Oh this is strange looking, thanks for reaching out, let me check with our infra and platform team.

Best

Eoin

Fyi @ferjm_ei and @nabilkoroghli

Hi Eoin,
Do you have any status regarding this issue?

Thanks,
Edwin

Hi @ereichPwc

During your initial job I got confirmation that this was an infrastructure issue, we had approx 2min of downtime as a patch was applied and rolled back.

It was unfortunate timing to coincide with your long running job, we don’t often have issues but it was unlucky that your job was running during this window.
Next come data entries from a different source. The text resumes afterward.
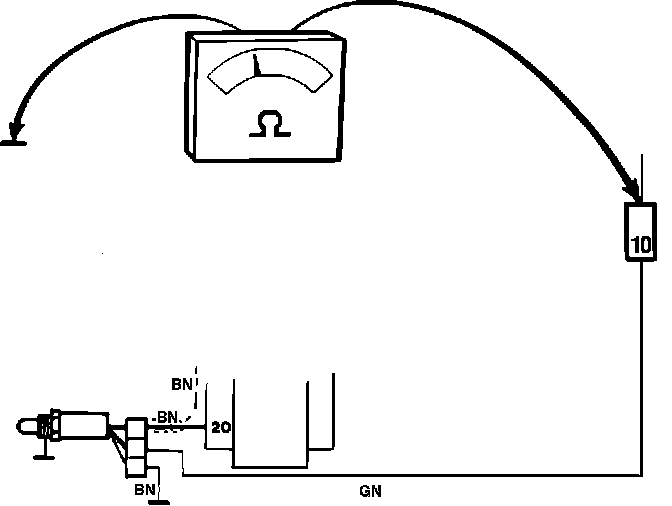 6. To check the oxygen sensor (lambda sond) pre-heating element, connect an ohmmeter between terminal #10 in 20-pole connector (located next to right side A-post) and ground.
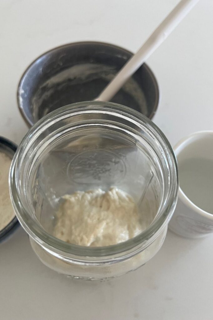 - mix your sourdough starter in a clean bowl before transferring back into your jar
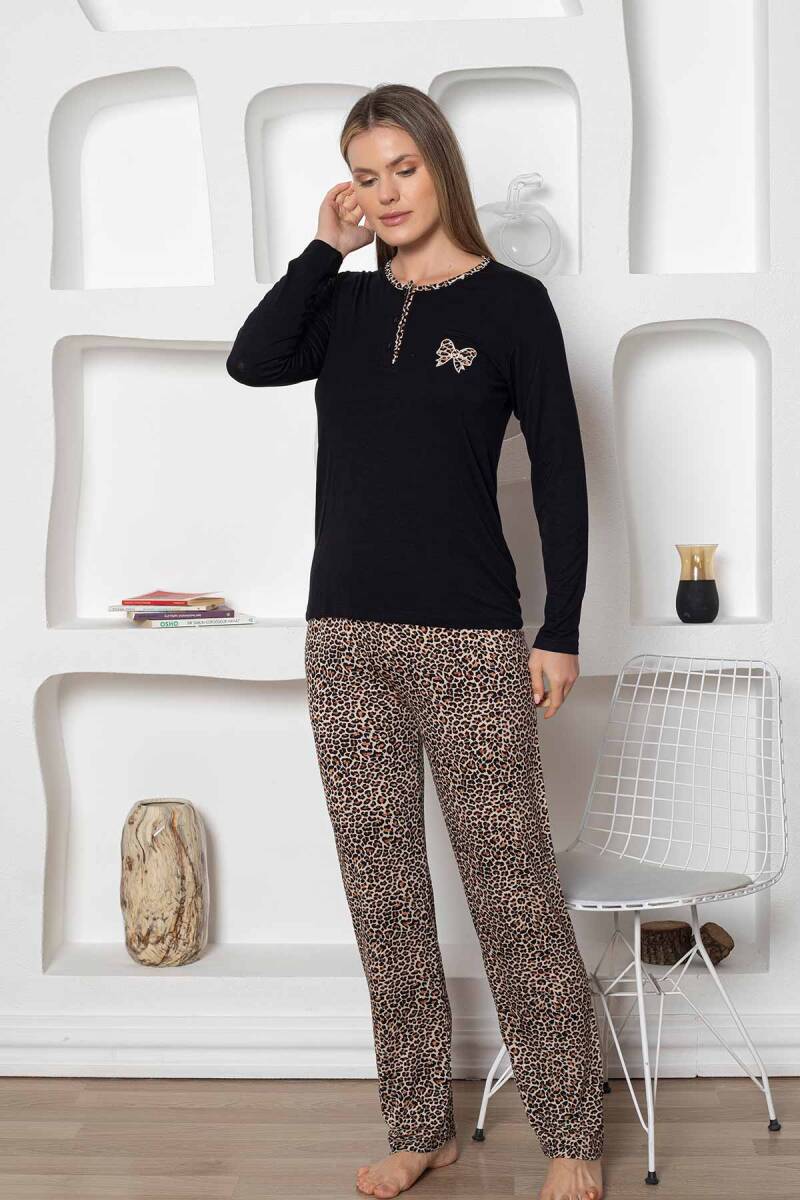 Leopar desenli Kadın Pijama Takımı - Fiyonk Nakışlı Likralı 2805UY

The second failure looks like you need to increase the training time of your job, this would mean moving tier to the enterprise level, or increasing the job duration with your sales rep, are you already engaged with solutions / sales?

Best

Eoin

Hi Eoin,
Thanks for looking into this and responding.

Regarding your comments about the second failure:

  • The training time limit is set to 1-week so I don’t see how that made it stop in 1-day.
  • I am on the enterprise level
  • I had double the memory limits before I ran the second training, which stopped in half the time.

I am currently set to the maximum memory supported by the system.